Input records
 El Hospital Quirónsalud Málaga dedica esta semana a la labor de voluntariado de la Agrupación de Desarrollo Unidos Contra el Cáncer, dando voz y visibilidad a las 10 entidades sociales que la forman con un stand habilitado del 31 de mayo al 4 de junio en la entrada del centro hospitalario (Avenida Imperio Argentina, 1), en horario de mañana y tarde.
...
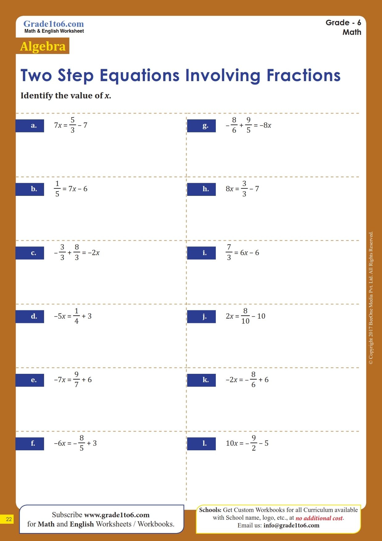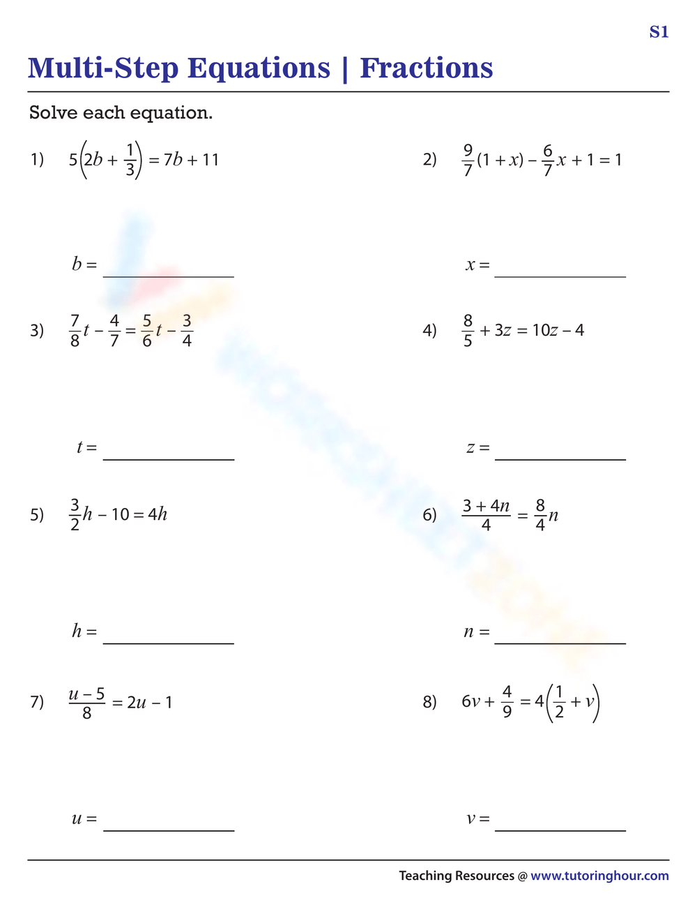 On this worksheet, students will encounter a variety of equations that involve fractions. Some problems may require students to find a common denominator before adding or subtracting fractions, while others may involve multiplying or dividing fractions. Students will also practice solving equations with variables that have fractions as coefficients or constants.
==
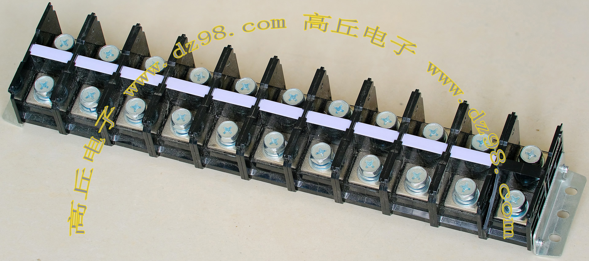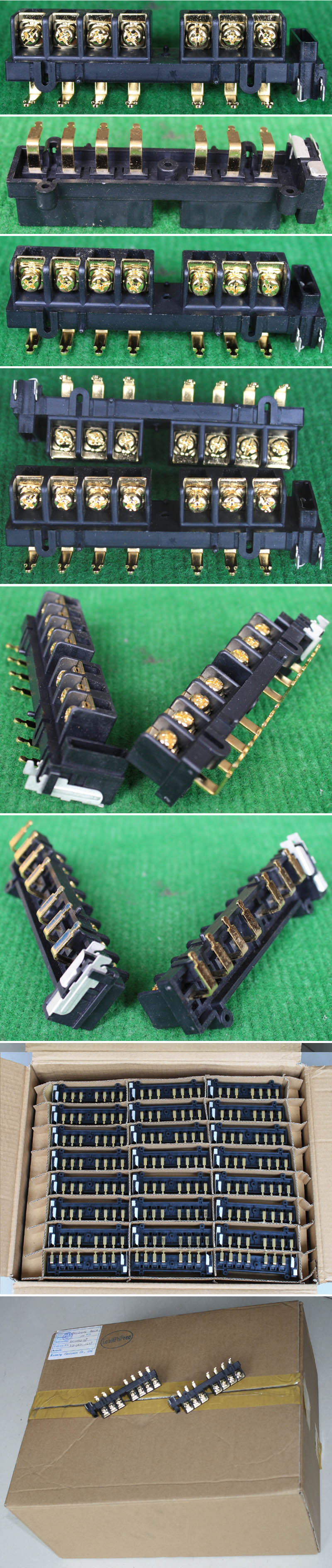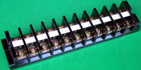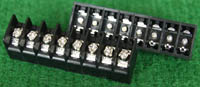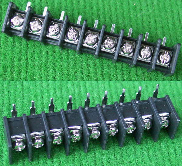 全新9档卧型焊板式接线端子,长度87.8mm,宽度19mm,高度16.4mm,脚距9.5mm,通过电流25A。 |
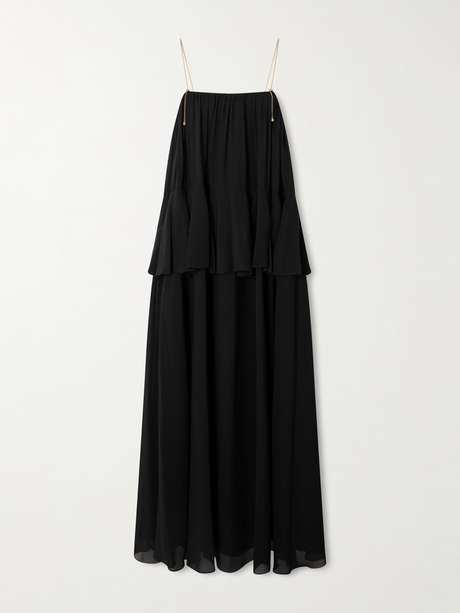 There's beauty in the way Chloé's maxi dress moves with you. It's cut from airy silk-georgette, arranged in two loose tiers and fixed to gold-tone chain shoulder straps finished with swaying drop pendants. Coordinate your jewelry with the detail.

About this exercise
Extract from the material above the stretch running from the line containing "全新9档卧型焊板式接线端子,长度87.8" through the line containing "There's beauty in". Keep the text exact and the pictures out.

Task answer
 全新9档卧型焊板式接线端子,长度87.8mm,宽度19mm,高度16.4mm,脚距9.5mm,通过电流25A。 |
 There's beauty in the way Chloé's maxi dress moves with you. It's cut from airy silk-georgette, arranged in two loose tiers and fixed to gold-tone chain shoulder straps finished with swaying drop pendants. Coordinate your jewelry with the detail.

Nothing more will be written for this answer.